No address seems to have materialized. Yet, Murray’s sentiments may have chimed with those of the lesser gentry, many of whom were Jacobite sympathizers. For personal and financial reasons, however, Murray decided against standing in 1713. He also realized that Morison would ‘have my Lord March’s interest and is like to be the man’. Significantly, Murray made no reference to Lady March, but deemed the interest to be under the control of the young Earl himself, who was now approaching his majority. Morison was elected without opposition, and the resurgence of the March interest was confirmed by the uncontested return of Murray of Cringletie in 1715. Murray of Stanhope did not attempt to recapture the seat until 1732.4

Author: David Wilkinson

Notes

  • 1. SRO, Mar and Kellie mss GD124/15/1045, Murray of Stanhope to Mar, n.d. [Nov. 1711].

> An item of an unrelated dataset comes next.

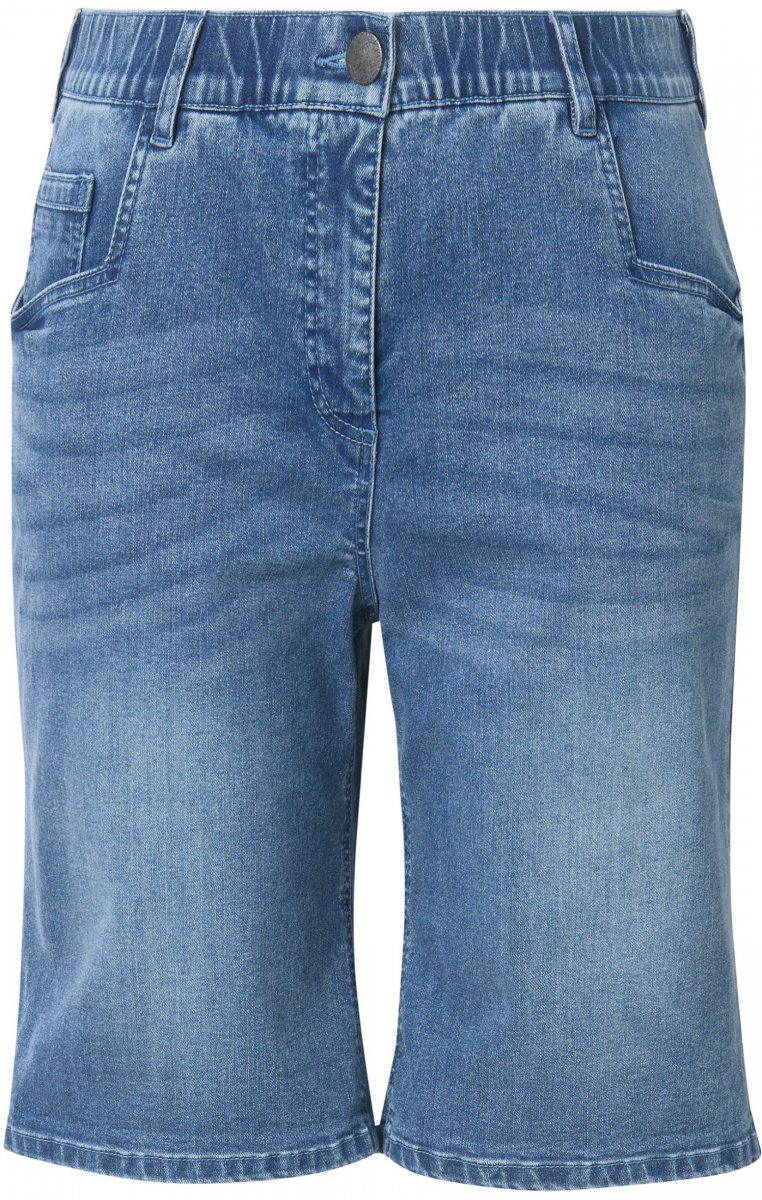 Kledingmaatgids - Ulla Popken Denim Wide Leg Elastic Waist Bermuda Shorts Blue Denim

  • 2. APS, vii. 354; Hist. Peeblesshire ed. Buchan, iii. 121; P. W. J. Riley, King Wm. and Scot. Politicians, 172-3; Riley, Union, 109; Hist. Scot. Parl. 361-2; Edinburgh Courant, 9-11 June 1708; SRO, Clerk of Penicuik mss GD18/3143, Lady March to Sir John Clerk, 7 Oct. 1710.

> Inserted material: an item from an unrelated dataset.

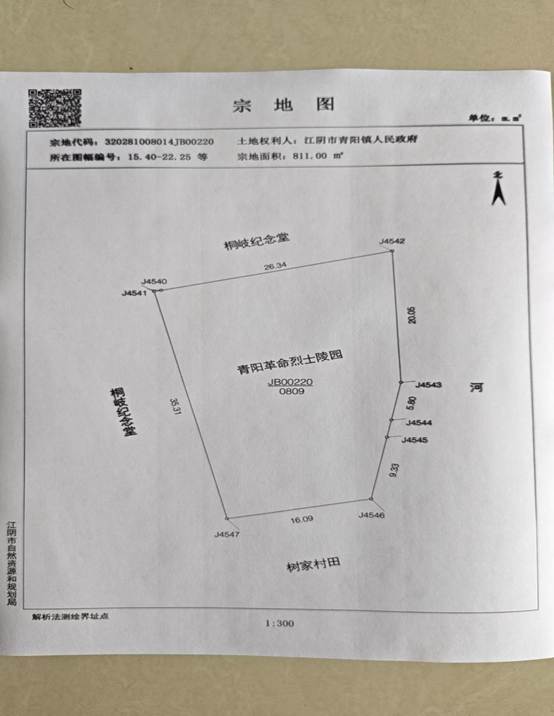 以青陽革命烈士陵園宗地圖(宗地代碼:320281008014JB00220,所在圖幅號:15.40-22.25等)為參照,具體保護范圍確定以烈士紀念碑為基準,西至桐岐紀念堂墓地通道,北至桐岐紀念堂消防河道,東至桐岐紀念堂消防河道,南至樹家村田區域。

  • 3. Scots Courant, 3-6 Nov. 1710, 9-11 Jan. 1712; SRO, Hume of Marchmont mss GD158/1257/4, Baillie to [?Polwarth], 28 Oct. 1710; Mar and Kellie mss GD124/15/1045, Murray to Mar, n.d. [Nov. 1711]; Clerk of Penicuik mss GD18/3145, Lady March to Clerk, 30 Nov. 1711.
  • 4. NLS, Murray pprs. 2, ff. 34-35; NLS, Sutherland mss Dep. 313/572, Alexander Ross to Ld. Strathnaver (William Sutherland*), 17 Sept. 1713; Add. 70249, Murray to Ld. Oxford (Robert Harley*), 31 May 1713; 70322, draft speech [1713]; R. M. Sunter, Patronage and Pol. in Scotland, 148-61.